Close

trying to resolve the bottleneck on cpu processors for cycles improvements.

A project log for mlx90640 sensor works w 800 bytes

Everywhere i read people are excited to get mlx90640 working. here are examples using arduino w 800bytes ram, and 1k with calibrated DEG C

jamesdanielvjamesdanielv 09/09/2019 at 02:270 Comments

i'm using Arduino IDE 1.8.9. my main focus is speed on the uno and nano but this also improves performance on any cpu.

i have broken down problems, created fast math optimizations and cached ares for better performance. now it is time to look at the engine closer:

these two areas eat all the cpu cycles on nano. higher clock rate on any processor will improve performance

  sub_calc_irData 145,000

the first sub_calc_To calculation 500,000

i have troubleshoot_optimize set to true, it outputs some more stuff so i can make things work faster.
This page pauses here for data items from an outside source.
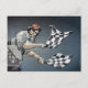 Carte postale de sport automobile de qualité : Un responsable de course automobile agitant un drapeau À damiers pour terminer un événement de course. Design par Frank Ramspott, Munich, Allemagne.
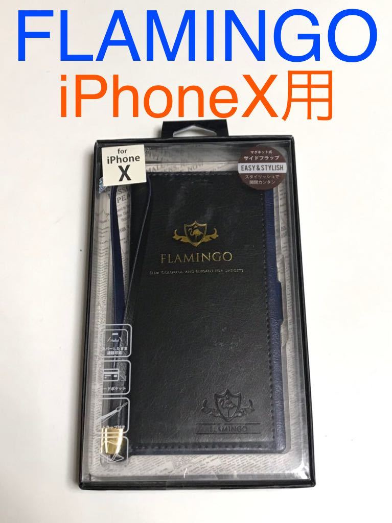 匿名送料込 iPhoneX用カバー 手帳型ケース FLAMINGO ブラック×ブルー 黒青色カードポケット ストラップ新品 アイホン10 アイフォーンX/IZ7
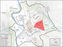 At the turn of the 5th century, the Regio was divided into 12 vici (districts) and 2,757 insulae (blocks). It had two curators and was served by 48 Roman magistrates.[5]
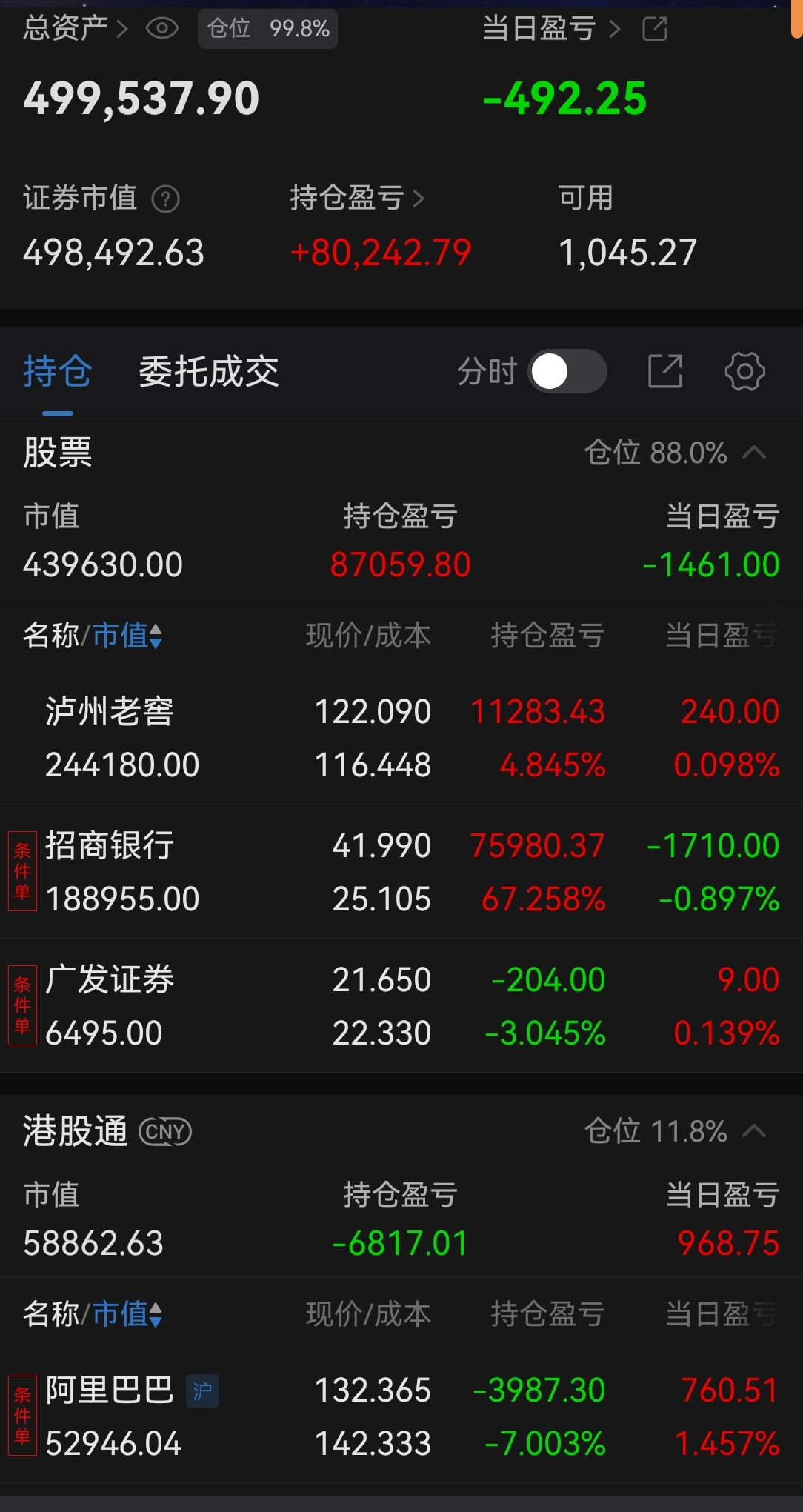 今天浮亏约500元,无操作。昨天招行涨,今天它就跌,昨天阿里跌,今天它又涨,涨跌
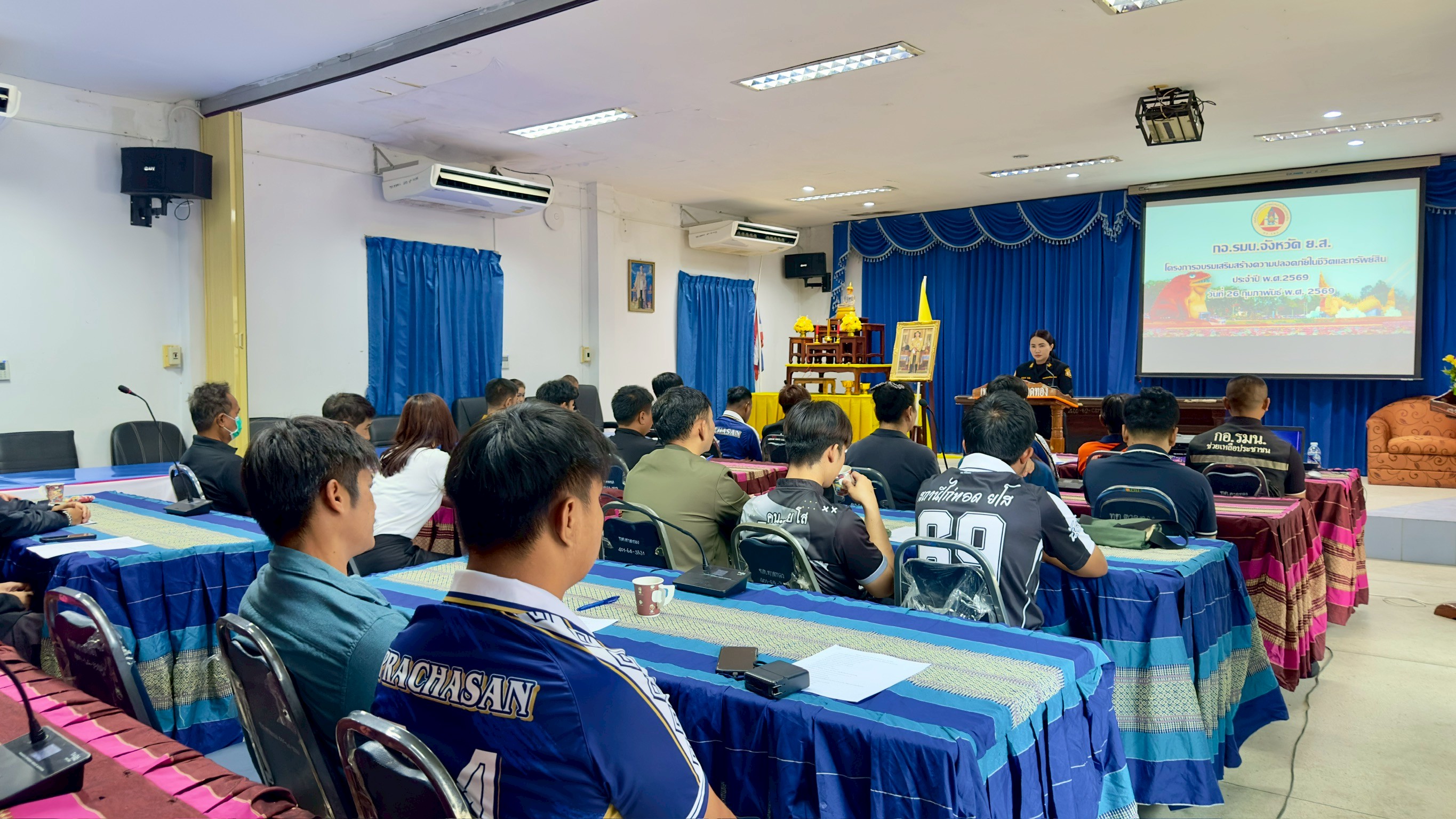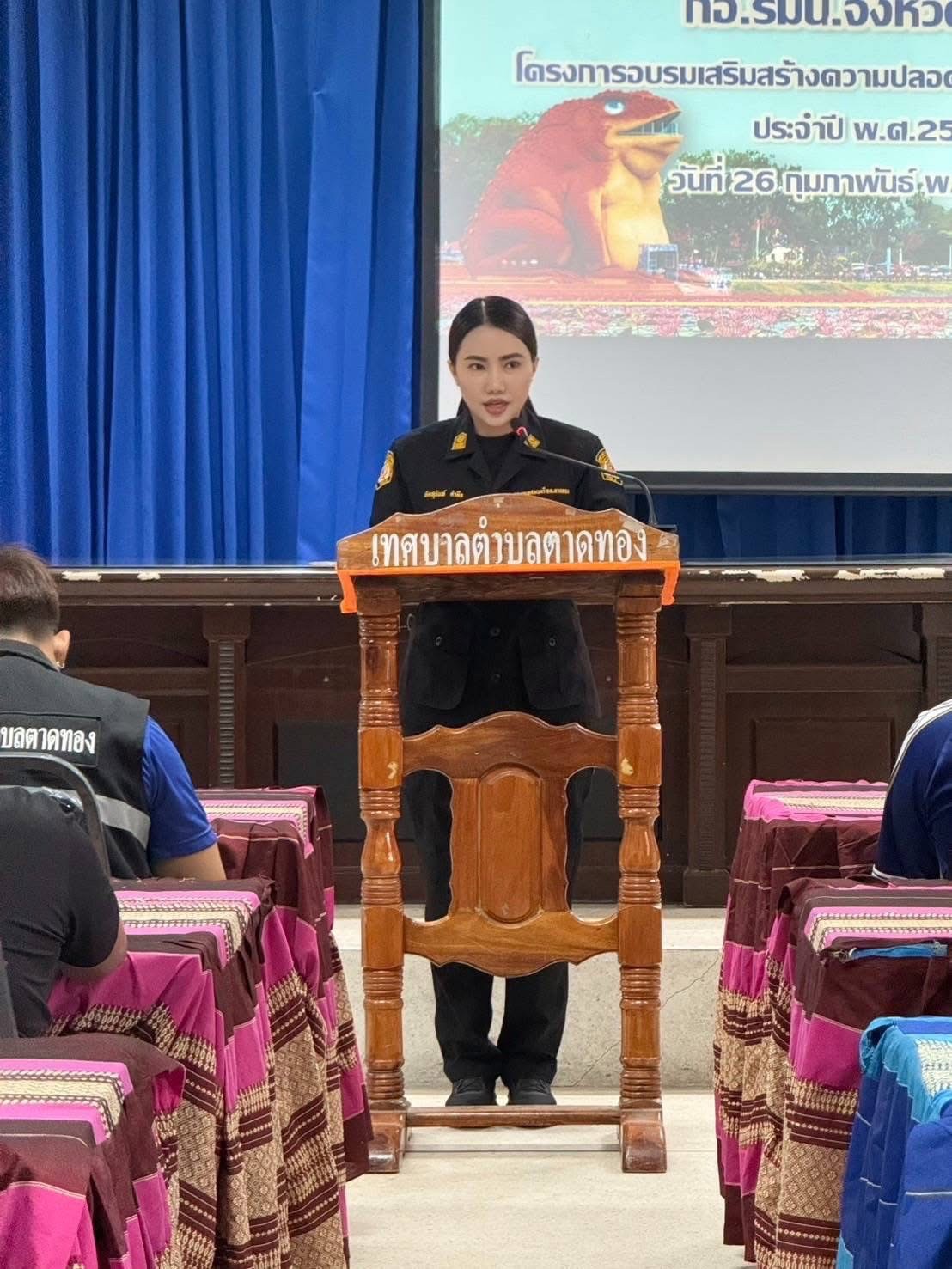 วันพฤหัสบดีที่ 26 กุมภาพันธ์ พ.ศ. 2569 เวลา 09.19 น. นางสาวภัคสุนันท์ คำลือ นายกเทศมนตรีตำบลตาดทอง เป็นประธานพิธีเปิด โครงการการเสริมสร้างความปลอดภัยในชีวิตและทรัพย์สิน ประจำปี พ.ศ. 2569 โดยมี ร้อยโทหัสตะชัย เนตรวงษ์ ผู้แทน กองอำนวยการรักษาความมั่นคงภายในจังหวัดยโสธร เป็นผู้กล่าวต้อนรับ จ่าสิบเอกวิลาศ ยินงาม นักป้องกันฯ กล่าวรายงาน พร้อมด้วย ว่าที่ร้อยตรีพิชิต กันยาวรรณ ปลัดเทศบาลฯ หัวหน้าส่วนราชการ พนักงานเทศบาลตำบลตาดทอง และเจ้าหน้าที่กองอำนวยการรักษาความมั่นคงภายในจังหวัดยโสธร เข้าร่วมพิธีเปิดและเข้าร่วมกิจกรรมโครงการฯ เพื่อสร้างภาคีเครือข่ายภาคประชาชนในระดับตำบล ในการร่วมมือกันคิด วิเคราะห์ และแก้ไขปัญหาให้สอดคล้องกับแผนแม่บท ภายใต้ยุทธศาสตร์ชาติ (พ.ศ. 2561 – 2580) ที่จะนำไปสู่การบรรลุเป้าหมายการพัฒนาที่ยั่งยืนในการป้องกันและลดความสูญเสียทั้งชีวิตและทรัพย์สินอย่างเป็นรูปธรรม โดยมีผู้เข้าร่วมโครงการทั้งสิ้น จำนวน 31 คน
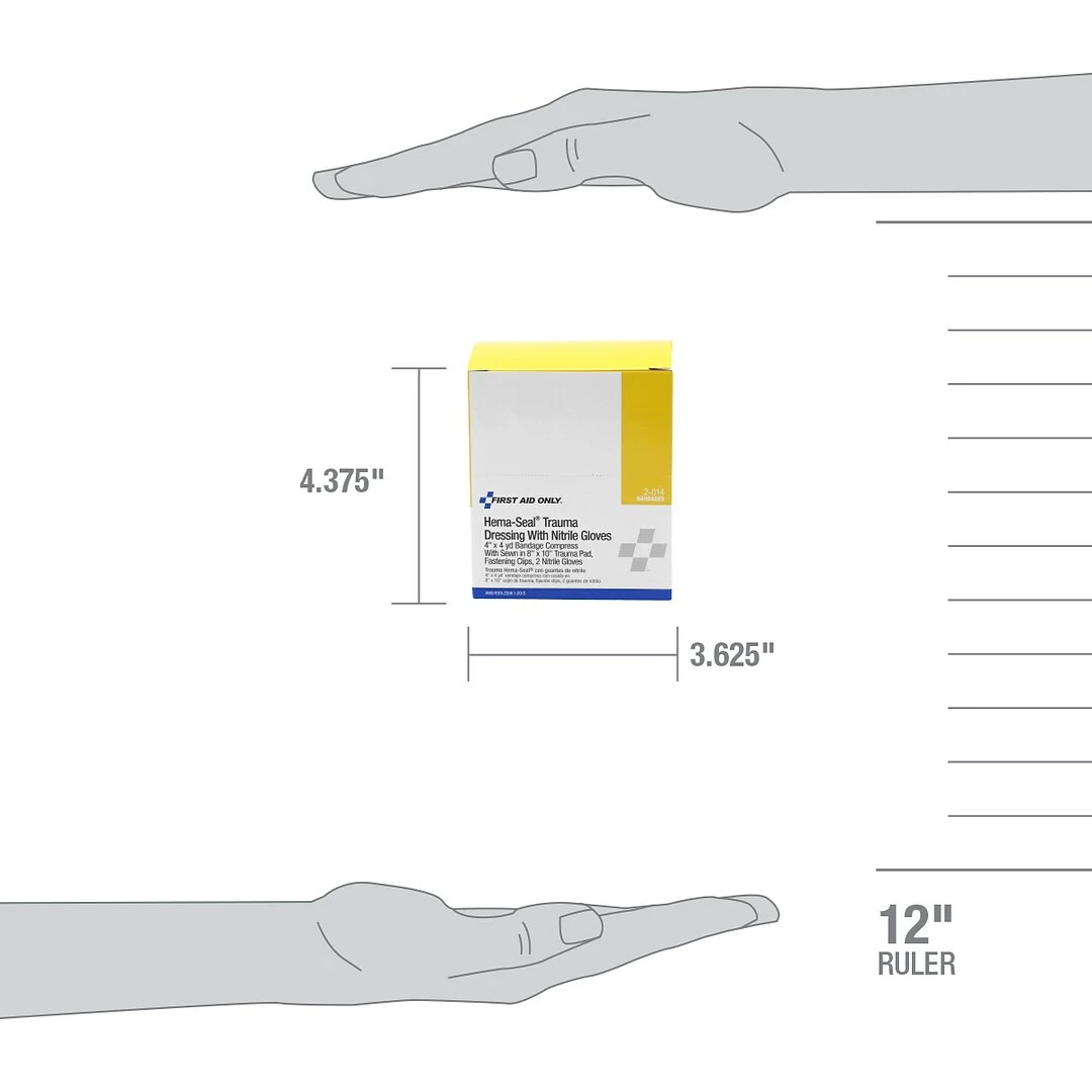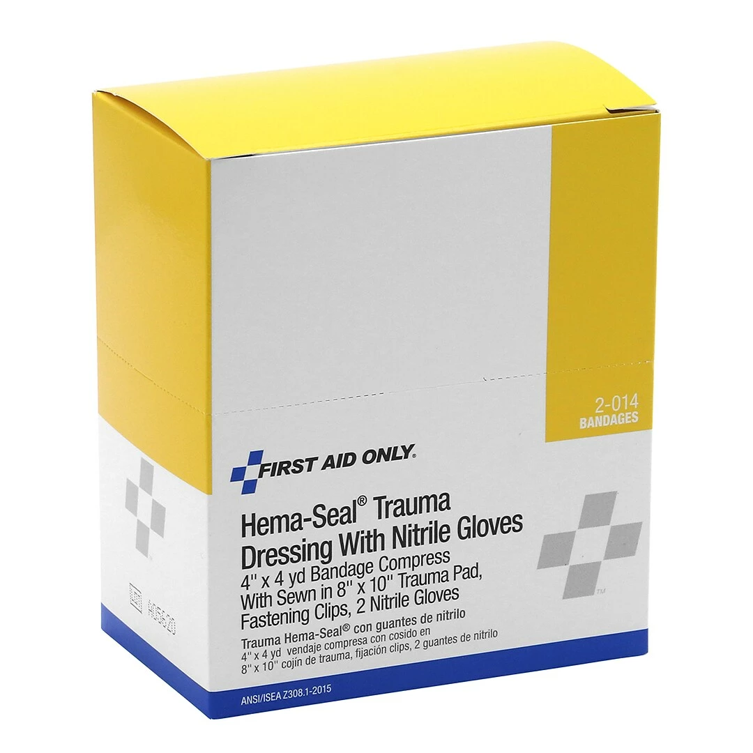 This First Aid Only refill supply features a 4″ x 4 Yd. Hema-Seal Trauma Dressing and 2 Nitrile Exam Gloves. This kit is perfect for a standalone first aid protection kit or as a refill for a BBP cleanup kit (sold separately). Contains trauma wound compress with fastening clips and 2 non-sterile single use powder-free nitrile examination gloves. Convenient to have for any emergency.

i tried moving one of the progmem tables to ram. it only reduce cycle counts by 5000 microseconds

this is caching the 1 /2^x table in ram and the 2^x table in ram only save about 5000 microseconds over 768 reads. this is below the variation of +/- 10,000 per frame  760,000 micro seconds on arduino nano so it could just be noise. moving on to next area. the progmem tables are fast enough. they are faster than the switch(x) {..} i had used earlier. 

below is a sample frame using ram cached values. the process time goes up and down depending on pixel information. 

set Replace_detailed_calc_with_image_data false will allow testing of detaled To mode output of pixels.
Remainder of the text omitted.